屈折矯正手術のガイドラインを再読する

日本眼科学会に所属する眼科専門医が屈折矯正手術を行うにあたって、日本眼科学会が作成したガイドラインに沿って手術を行うことが望ましいとされています。一番最初のガイドラインは平成5年に作られました。その頃は私はまだ学生でインターネットも普及していない時代です。屈折矯正手術を受けたいと思ってましたが国内では手術を行っている施設がどこにあるか解らなかったですし、術式もRKかPRKしかなかったと記憶しています。たぶん手術費用もかなり高額だったと思います。

屈折矯正手術のガイドラインには適応基準も記載されています。エキシマレーザー手術の基準なのでレーシックもPRK・ラゼック等の表面照射も同じ基準で考えるように、ということだと思います。実際には近視度数のディオプターよりも角膜切除量で適応基準を決める施設が多いと思います。使用するレーザーやレーザー照射径によって同じ近視度数でも角膜切除量は変わってきます。もともとの角膜厚、角膜切除量、残存する角膜厚によって手術適応の可否、適応術式が決まると思います。私の知っている施設ではどこもだいたい同じような基準で、過度な角膜切除量や過度な残存角膜厚に設定している施設はありません。適応禁忌の基準もどこの施設も同じだと思います。術後検診の期間も3~6ヶ月くらいまでを設定している施設が多いと思います。術後検診での検査内容と投薬内容もどこの施設でもだいたい同じだと思います。
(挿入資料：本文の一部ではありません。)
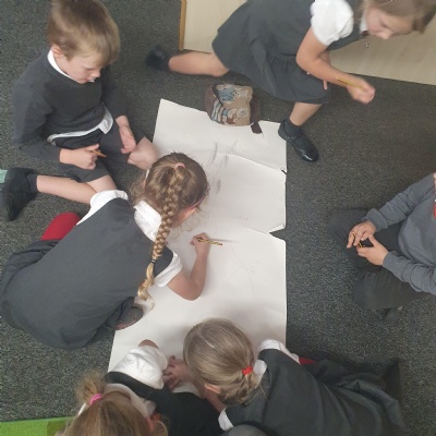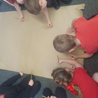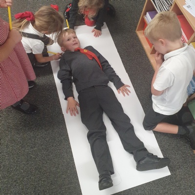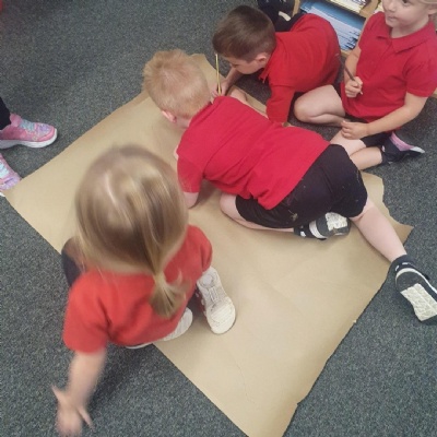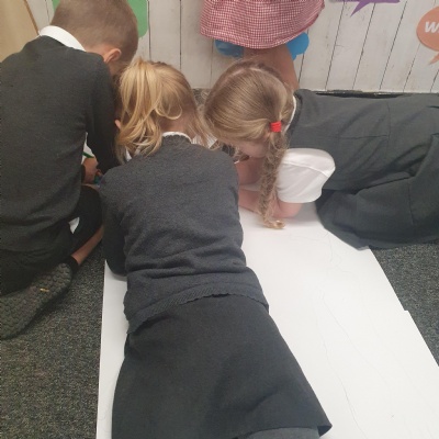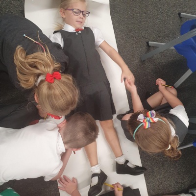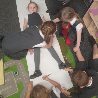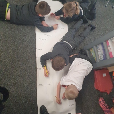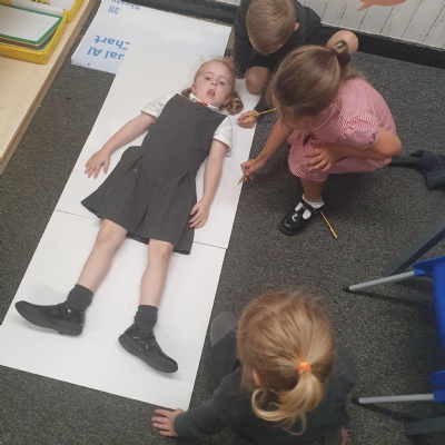 We drew around each other to give us the outline of the human body and then labelled as many parts as we could and dicussed their purpose and use ��

この術後合併症の対処の解釈で困るのが “ 疼痛 ” と “ グレア・ハロー ”です。適切な対処とあるのですが、この2つだけは手術を受けた方の主観ですので適切と考える対処法は医師や施設によって差がありそうです。それ以外は眼所見や検査所見を見落とさなければ対処方法があります。

 

これらはガイドラインですから手術を行う時に守るのが好ましいルール目安です。

その医師や施設の経験から内容を拡大解釈しても良いのかもしれません。

手術を受ける方の不利益があまりに大きいのであれば、いくら希望されても手術は行ってはいけませんが、経験的に安全マージンが確保できるのであれば、このガイドラインから多少逸脱していても十分なインフォームドコンセントのもとに手術を行っても良いのではないかと考えています。